= WHAT NEEDS TO BE DONE =
With the pictures left out, write out the records verbatim.

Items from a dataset
Content starts

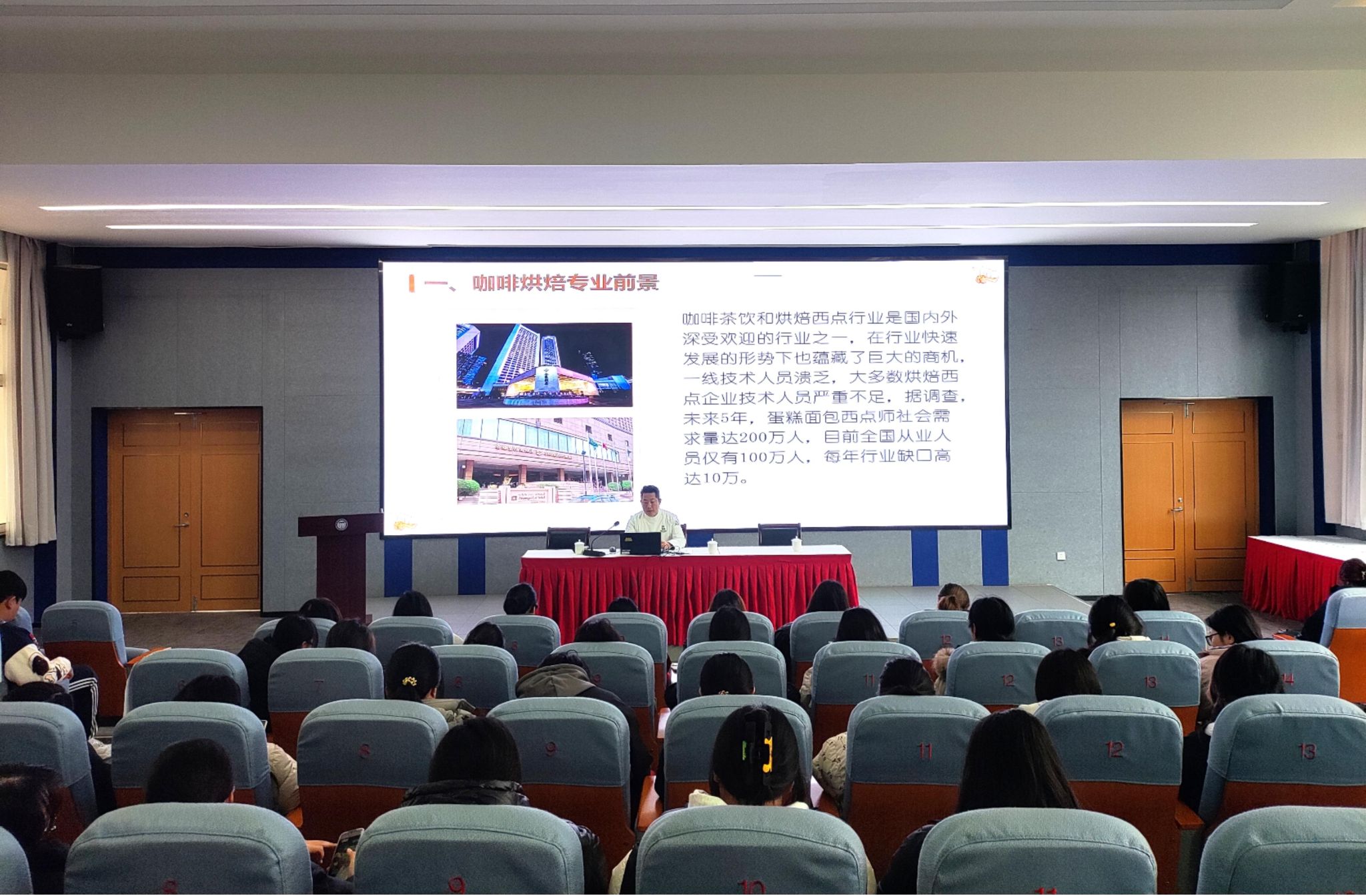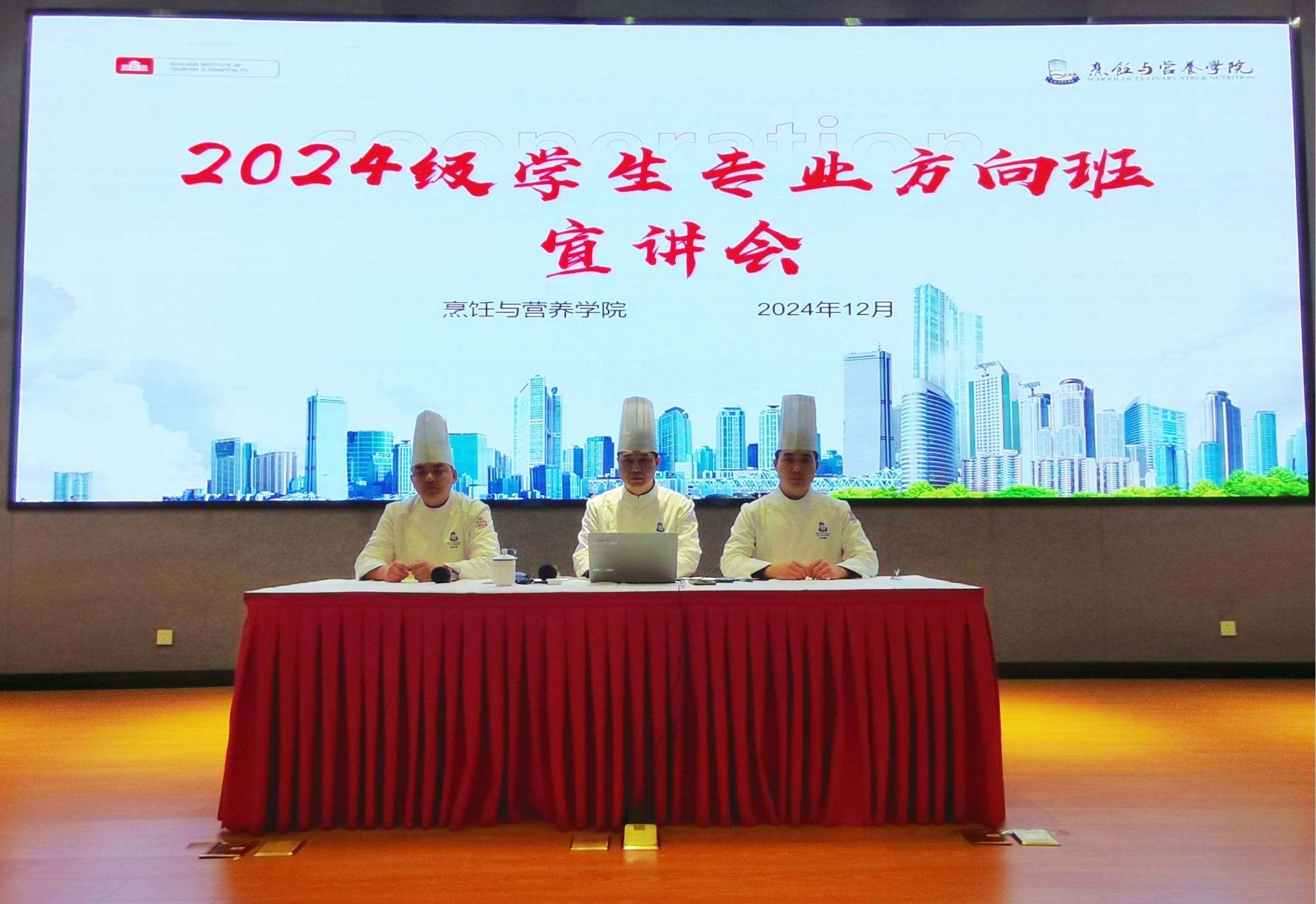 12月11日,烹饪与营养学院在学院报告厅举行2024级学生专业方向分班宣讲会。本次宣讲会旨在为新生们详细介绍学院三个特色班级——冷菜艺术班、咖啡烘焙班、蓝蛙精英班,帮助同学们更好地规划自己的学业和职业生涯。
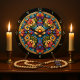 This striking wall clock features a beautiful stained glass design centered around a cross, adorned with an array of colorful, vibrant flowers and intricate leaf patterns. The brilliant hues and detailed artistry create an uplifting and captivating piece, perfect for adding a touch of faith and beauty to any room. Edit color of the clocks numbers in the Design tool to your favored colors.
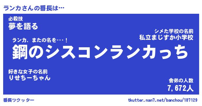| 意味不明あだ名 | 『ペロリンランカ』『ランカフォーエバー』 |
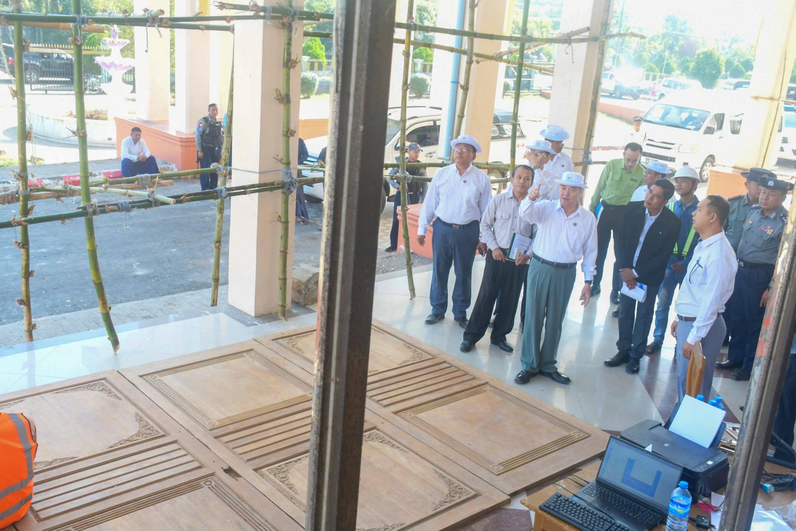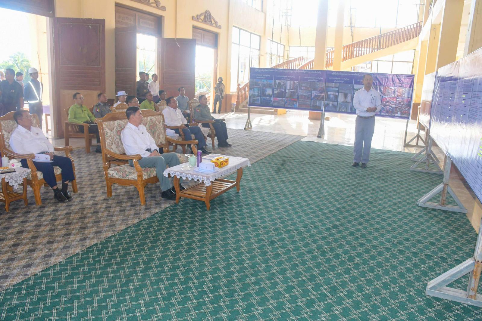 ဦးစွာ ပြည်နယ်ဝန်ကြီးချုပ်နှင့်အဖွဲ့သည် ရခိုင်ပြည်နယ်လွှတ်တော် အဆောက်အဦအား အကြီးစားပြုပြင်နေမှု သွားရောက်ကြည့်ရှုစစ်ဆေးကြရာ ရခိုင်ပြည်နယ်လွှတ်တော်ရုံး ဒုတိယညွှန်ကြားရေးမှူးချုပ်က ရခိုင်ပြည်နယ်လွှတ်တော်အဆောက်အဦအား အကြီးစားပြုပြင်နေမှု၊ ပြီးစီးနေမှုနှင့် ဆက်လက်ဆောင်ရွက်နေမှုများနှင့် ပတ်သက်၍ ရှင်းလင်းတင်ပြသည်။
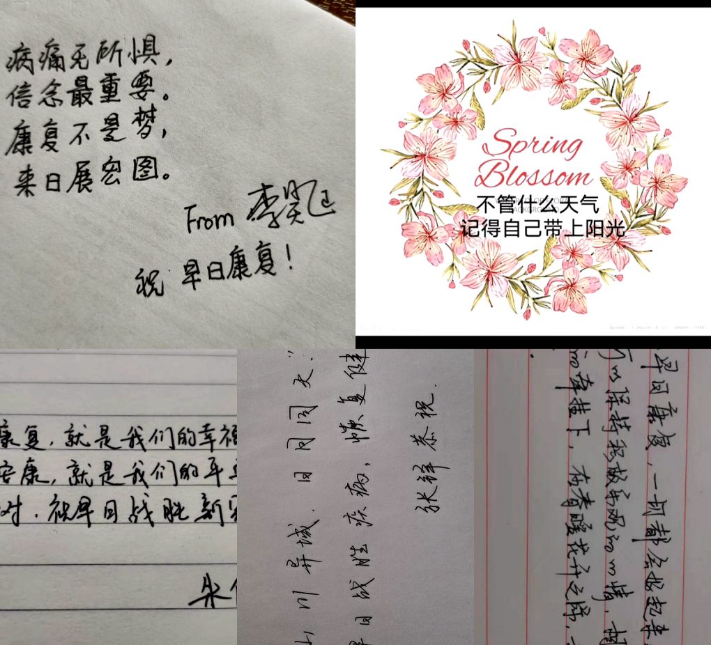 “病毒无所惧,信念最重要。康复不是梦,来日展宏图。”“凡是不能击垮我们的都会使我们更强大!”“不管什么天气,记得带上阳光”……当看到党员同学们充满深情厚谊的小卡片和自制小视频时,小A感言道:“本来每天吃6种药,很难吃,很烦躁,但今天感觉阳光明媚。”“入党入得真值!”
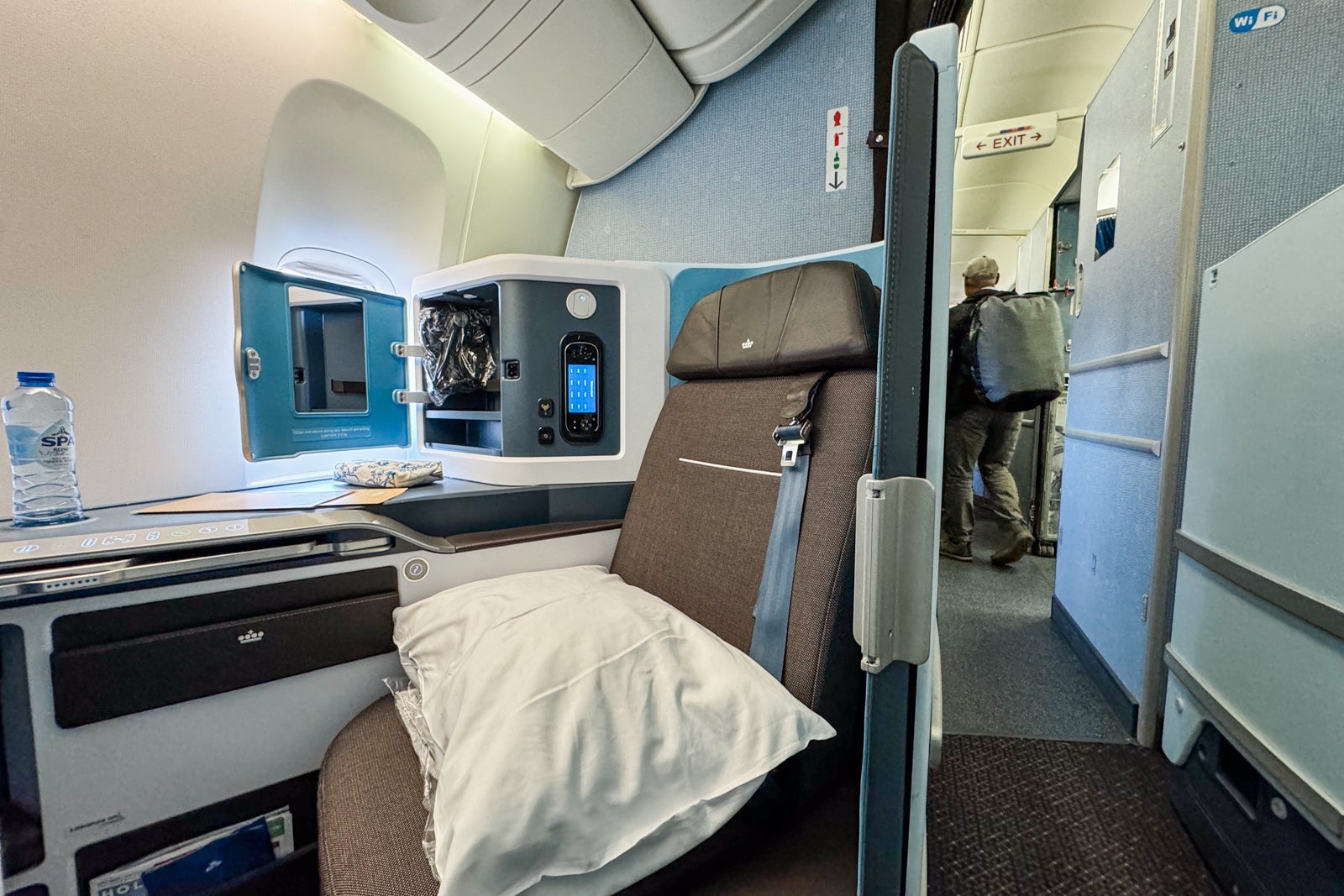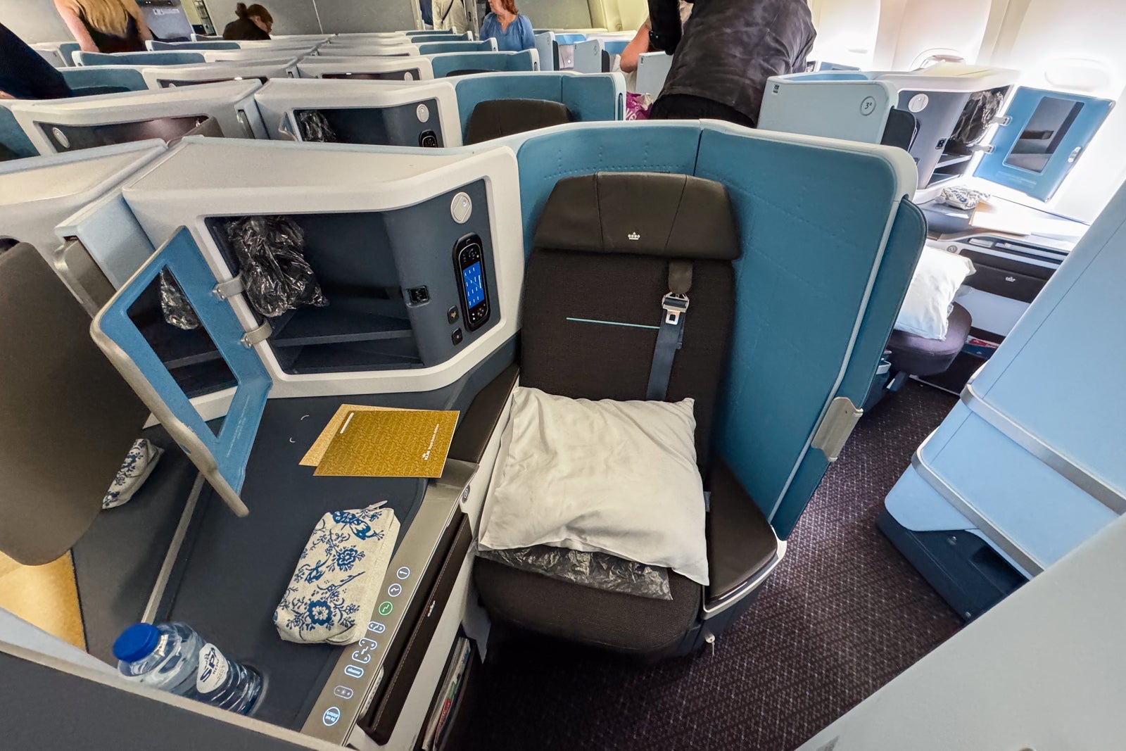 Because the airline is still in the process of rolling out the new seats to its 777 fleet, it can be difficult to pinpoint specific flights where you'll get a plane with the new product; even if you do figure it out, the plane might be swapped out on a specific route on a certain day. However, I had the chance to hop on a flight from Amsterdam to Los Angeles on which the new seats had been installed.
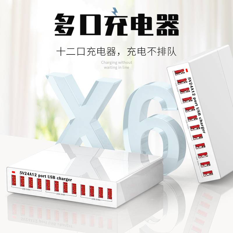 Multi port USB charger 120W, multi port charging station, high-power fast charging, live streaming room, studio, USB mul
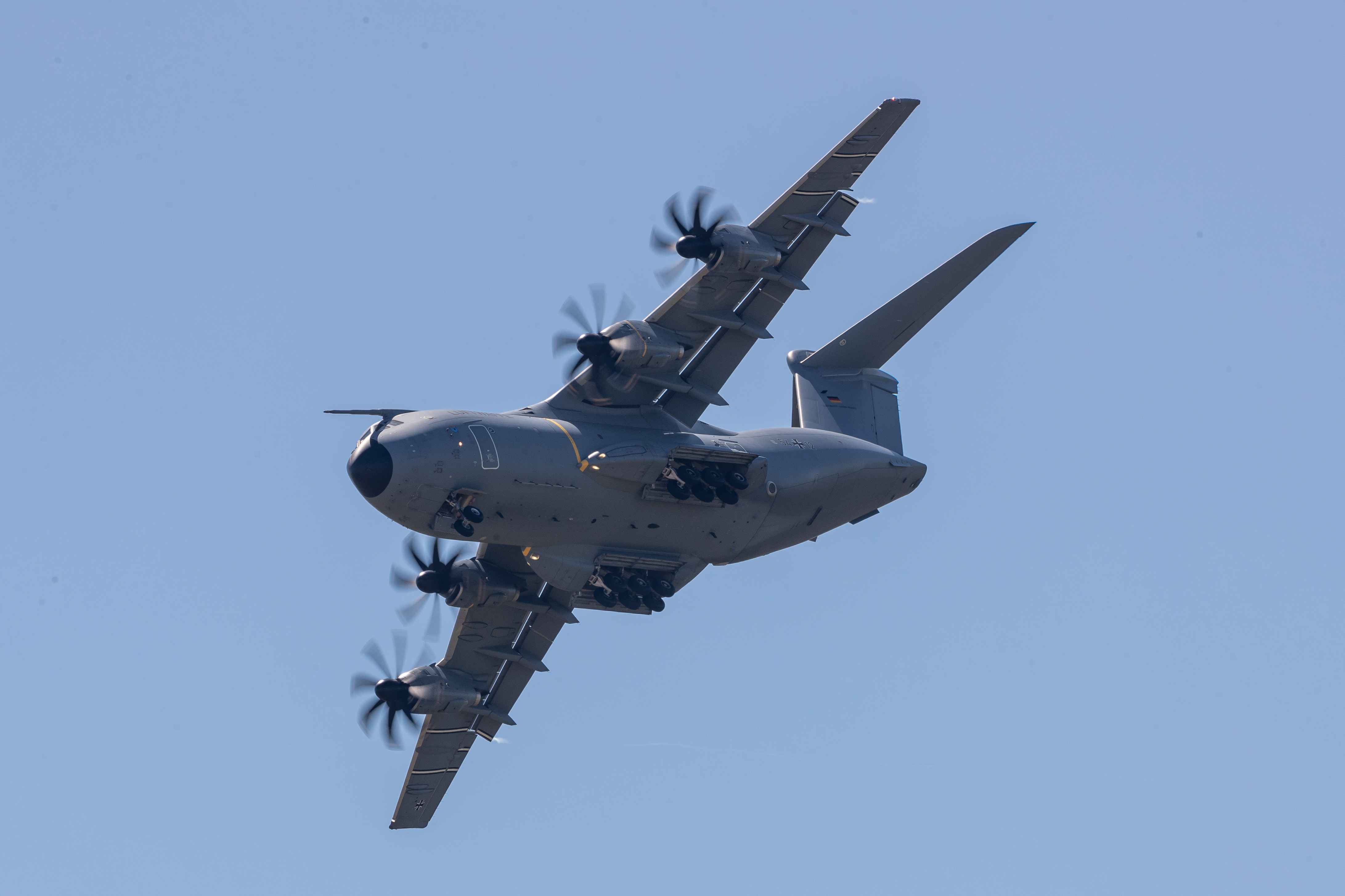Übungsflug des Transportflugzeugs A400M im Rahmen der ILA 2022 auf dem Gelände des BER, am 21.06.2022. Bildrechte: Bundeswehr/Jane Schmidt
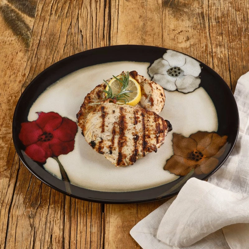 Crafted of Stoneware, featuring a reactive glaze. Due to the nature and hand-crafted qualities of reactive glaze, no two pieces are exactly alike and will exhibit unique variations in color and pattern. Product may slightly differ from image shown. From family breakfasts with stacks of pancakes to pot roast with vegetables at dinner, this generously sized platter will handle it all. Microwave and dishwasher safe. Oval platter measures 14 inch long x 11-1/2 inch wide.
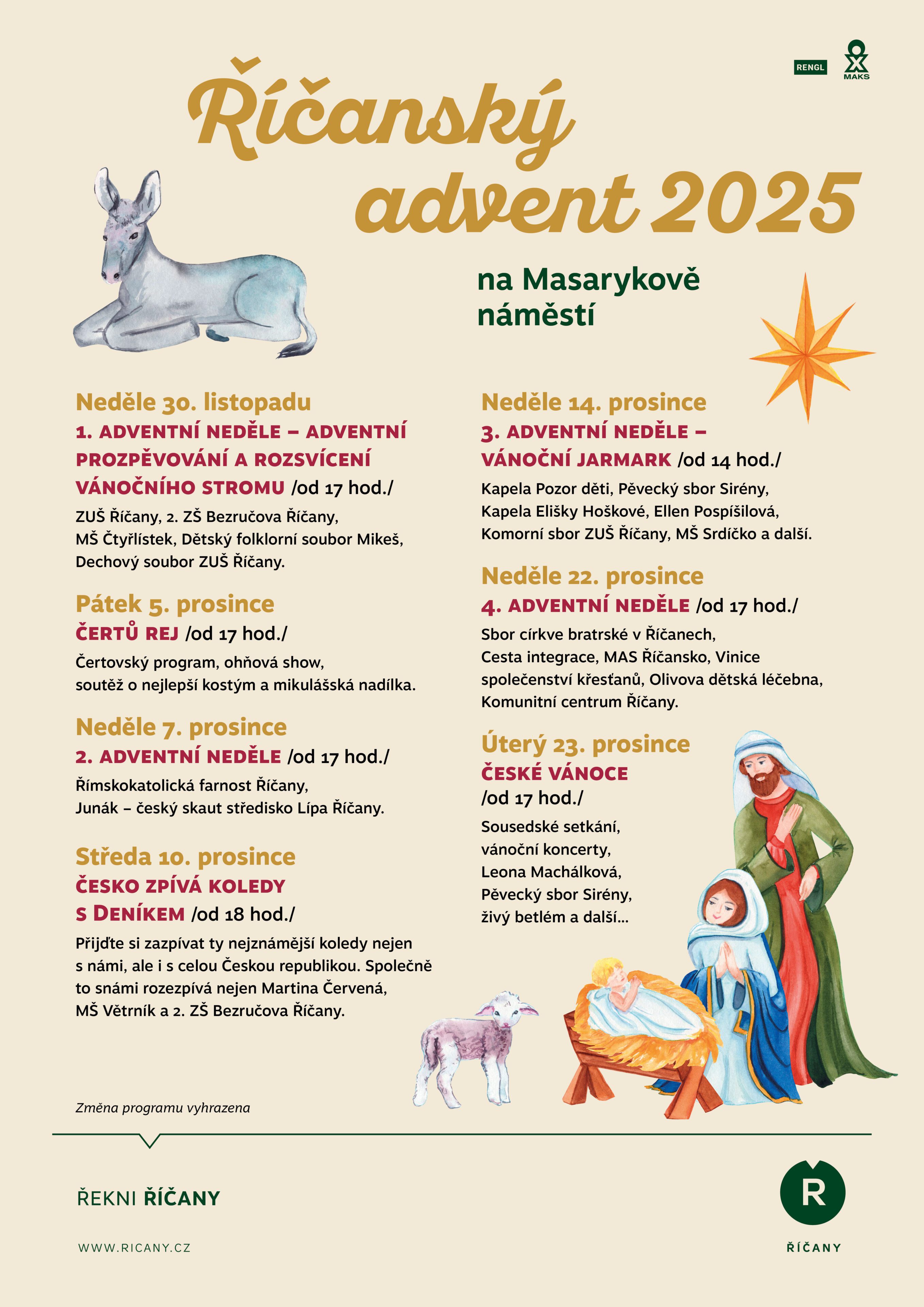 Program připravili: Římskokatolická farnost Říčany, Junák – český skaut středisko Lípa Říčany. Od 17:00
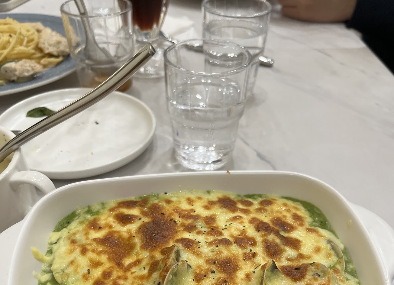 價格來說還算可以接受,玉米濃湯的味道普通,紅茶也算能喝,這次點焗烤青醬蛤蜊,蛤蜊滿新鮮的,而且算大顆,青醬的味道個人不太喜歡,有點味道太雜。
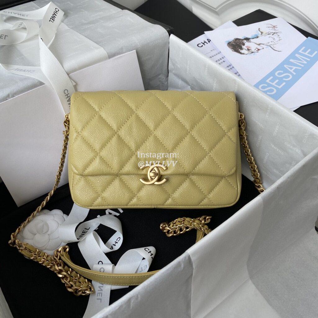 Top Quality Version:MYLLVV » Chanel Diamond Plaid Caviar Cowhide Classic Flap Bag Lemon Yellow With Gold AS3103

Content ends

= RESPONSE =
 12月11日,烹饪与营养学院在学院报告厅举行2024级学生专业方向分班宣讲会。本次宣讲会旨在为新生们详细介绍学院三个特色班级——冷菜艺术班、咖啡烘焙班、蓝蛙精英班,帮助同学们更好地规划自己的学业和职业生涯。
 This striking wall clock features a beautiful stained glass design centered around a cross, adorned with an array of colorful, vibrant flowers and intricate leaf patterns. The brilliant hues and detailed artistry create an uplifting and captivating piece, perfect for adding a touch of faith and beauty to any room. Edit color of the clocks numbers in the Design tool to your favored colors.
| 意味不明あだ名 | 『ペロリンランカ』『ランカフォーエバー』 |
 ဦးစွာ ပြည်နယ်ဝန်ကြီးချုပ်နှင့်အဖွဲ့သည် ရခိုင်ပြည်နယ်လွှတ်တော် အဆောက်အဦအား အကြီးစားပြုပြင်နေမှု သွားရောက်ကြည့်ရှုစစ်ဆေးကြရာ ရခိုင်ပြည်နယ်လွှတ်တော်ရုံး ဒုတိယညွှန်ကြားရေးမှူးချုပ်က ရခိုင်ပြည်နယ်လွှတ်တော်အဆောက်အဦအား အကြီးစားပြုပြင်နေမှု၊ ပြီးစီးနေမှုနှင့် ဆက်လက်ဆောင်ရွက်နေမှုများနှင့် ပတ်သက်၍ ရှင်းလင်းတင်ပြသည်။
 “病毒无所惧,信念最重要。康复不是梦,来日展宏图。”“凡是不能击垮我们的都会使我们更强大!”“不管什么天气,记得带上阳光”……当看到党员同学们充满深情厚谊的小卡片和自制小视频时,小A感言道:“本来每天吃6种药,很难吃,很烦躁,但今天感觉阳光明媚。”“入党入得真值!”
 Because the airline is still in the process of rolling out the new seats to its 777 fleet, it can be difficult to pinpoint specific flights where you'll get a plane with the new product; even if you do figure it out, the plane might be swapped out on a specific route on a certain day. However, I had the chance to hop on a flight from Amsterdam to Los Angeles on which the new seats had been installed.
 Multi port USB charger 120W, multi port charging station, high-power fast charging, live streaming room, studio, USB mul
Übungsflug des Transportflugzeugs A400M im Rahmen der ILA 2022 auf dem Gelände des BER, am 21.06.2022. Bildrechte: Bundeswehr/Jane Schmidt
 Crafted of Stoneware, featuring a reactive glaze. Due to the nature and hand-crafted qualities of reactive glaze, no two pieces are exactly alike and will exhibit unique variations in color and pattern. Product may slightly differ from image shown. From family breakfasts with stacks of pancakes to pot roast with vegetables at dinner, this generously sized platter will handle it all. Microwave and dishwasher safe. Oval platter measures 14 inch long x 11-1/2 inch wide.
 Program připravili: Římskokatolická farnost Říčany, Junák – český skaut středisko Lípa Říčany. Od 17:00
 價格來說還算可以接受,玉米濃湯的味道普通,紅茶也算能喝,這次點焗烤青醬蛤蜊,蛤蜊滿新鮮的,而且算大顆,青醬的味道個人不太喜歡,有點味道太雜。
 Top Quality Version:MYLLVV » Chanel Diamond Plaid Caviar Cowhide Classic Flap Bag Lemon Yellow With Gold AS3103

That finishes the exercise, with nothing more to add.